Because RECs are not tangible commodities, RECs are typically held and traded electronically.  In New England, the New England Power Pool Generation Information System (NEPOOL GIS) tracks the creation of RECs in each of the six states.  In much of the Western United States, RECs are tracked by the Western Renewable Energy Generation Information System (WREGIS).  Other accounting systems cover various voluntary markets.  These systems track the production and characteristics of renewable power.  In general, for each MWh of eligible renewable power produced, the systems credit the owner’s GIS account with one REC.  Where stronger state incentives exist, some resource types are compensated more highly, earning more than one REC per megawatt-hour.  This “REC multiplier” concept can make some project types (e.g. solar power) more lucrative.  Account holders may then engage in bilateral transactions with other REC market participants, generally buying and selling RECs without restriction.  However, because RECs are traded on an over the counter basis, there is no standardized exchange where REC prices or sales volumes are regularly posted.

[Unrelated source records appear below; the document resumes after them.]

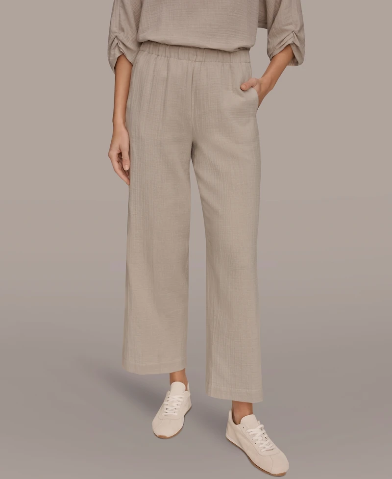 Own streamlined comfort in these Donna Karan Weekend pants crafted with a pull-on silhouette for effortless wear. Front slant pockets refine the clean design with everyday functionality.
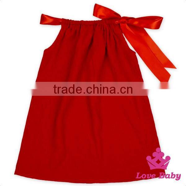 ZQ-177 Lovebaby Wholesale 100% Cotton Solid Red Color Stripe Bow,PILLOWcase DRESS
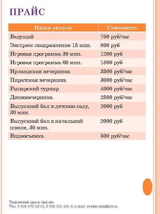 Прайс лист песни 136 фото
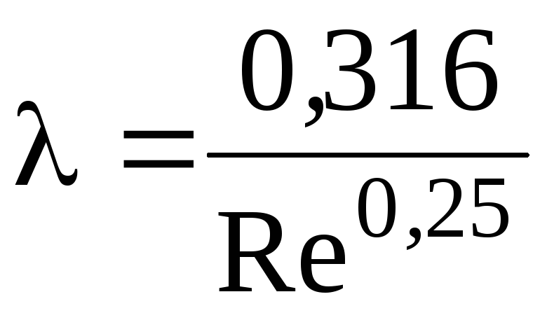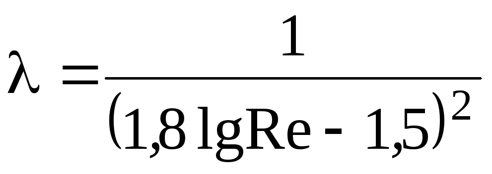 Во многих случаях (например, при расчете трубопроводов на ЭВМ) предпочтительней пользоваться для определения коэффициента λ не графиком Мурина, а расчетными зависимостями, обобщающими цифровые значения этого графика. Так, для зоны гладкого трения рекомендуют формулу Блазиуса
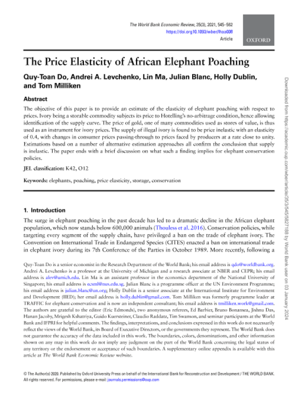 【The World Bank】【2021】The Price Elasticity of African Elephant Poaching-18页 学术论文
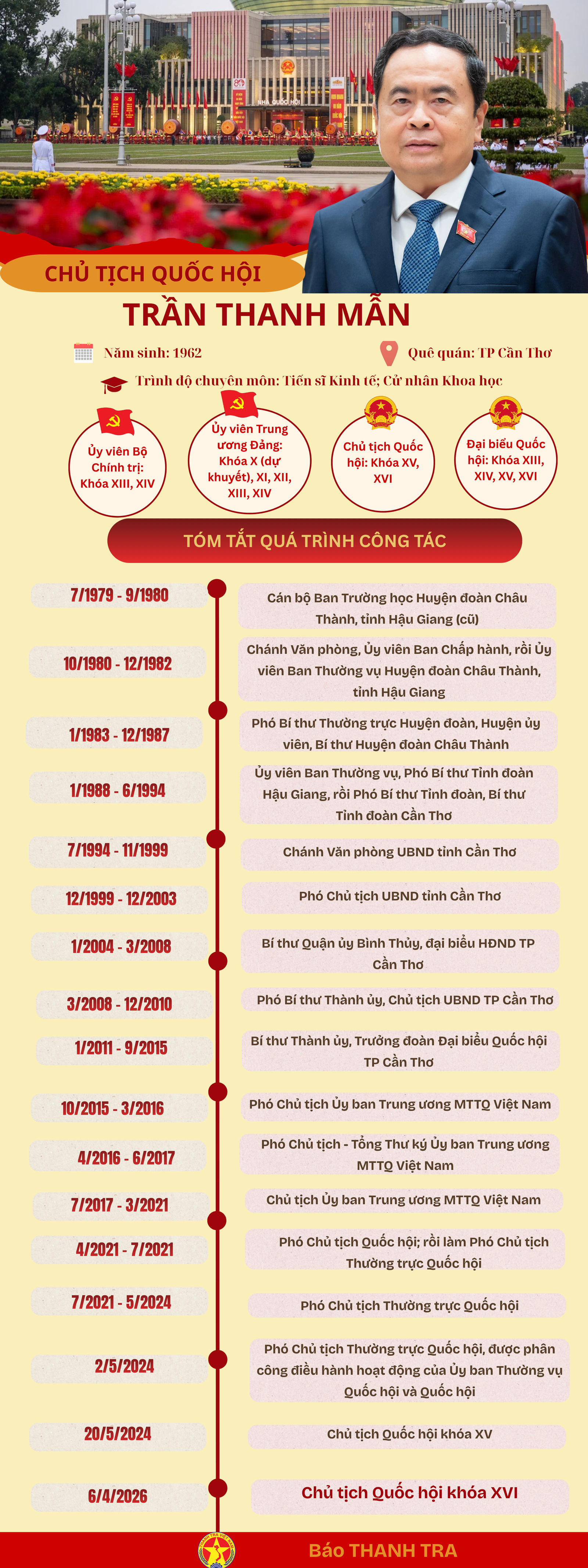 (Thanh tra) - Trưởng thành từ cán bộ đoàn, ông Trần Thanh Mẫn lần lượt kinh qua các chức vụ quan trọng như Bí thư Thành ủy Cần Thơ, Chủ tịch Ủy ban Trung ương Mặt trận Tổ quốc Việt Nam, trước khi được bầu làm Chủ tịch Quốc hội khóa XV và tái đắc cử khóa XVI.
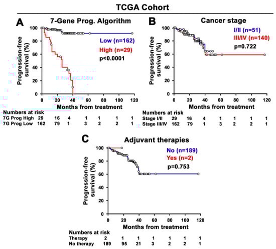 To further validate the performance of the 7-Gene Algorithm as a predictive biomarker for treatment response, Kaplan–Meier analysis was performed using the TCGA cohort. Similar to what was observed using the MSK cohort, patients with high scores of the 7-Gene Algorithm in their primary tumor at diagnosis had significantly poorer PFS compared with those with low scores (p < 0.001, Figure 6A). In this cohort, only two clinical and pathological indicators, cancer stage and adjuvant therapies, were available. We examined whether the clinical and pathological indicators, including cancer stage (stage I/II vs. III/IV) and adjuvant therapies (therapy vs. no therapy), may be used to predict PFS in the TCGA cohort. Kaplan–Meier plot with log-rank analysis revealed that there were no statistically significant differences in PFS between subgroups stratified based on the status of cancer stages or therapies (for cancer stage, p = 0.75; for adjuvant therapies, p = 0.72; Figure 6B,C).
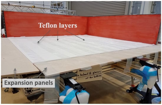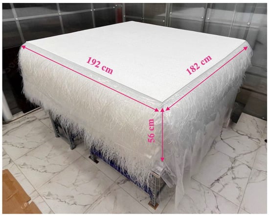 The next stage is the procedure of sequentially stacking 56 SuperFGD layers of cubes each, assembled with horizontal fishing lines, on the bottom panel of the box. For this purpose, 10 teflon strips were prepared and rolled out on the bottom panel, and 2 expansion panels were installed on the open sides of the box to provide additional sliding of the SuperFGD layers when they are stacked on top of each other, as shown in Figure 13.
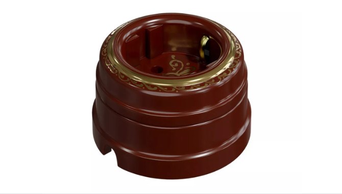 Ретро розетка фарфоровая с золотой росписью, двухполюсная с заземляющим контактом и подъемной рамкой, для наружного и внутреннего* монтажа.

Across the various states, the potential market into which generators may sell RECs is significant.  Voluntary markets allow a buyer to purchase RECs in order to support claims that the power the buyer consumes came from renewable resources.  This can provide a variety of “goodwill” benefits ranging from enhanced green marketing opportunities (e.g. “our product is environmentally friendly”) to allowing the buyer to publicly and financially support a particular renewable project (e.g. “we support the city’s community-scale wind project”).
The larger opportunity to sell RECs may lie in compliance markets.  In the majority of U.S. states as well as the District of Columbia, RPS programs requires electric companies to supply a minimum amount of power from qualified resources.  Each state’s program varies in its implementation.  In general, utilities must source an increasing percentage of power from renewable resources over the next several decades.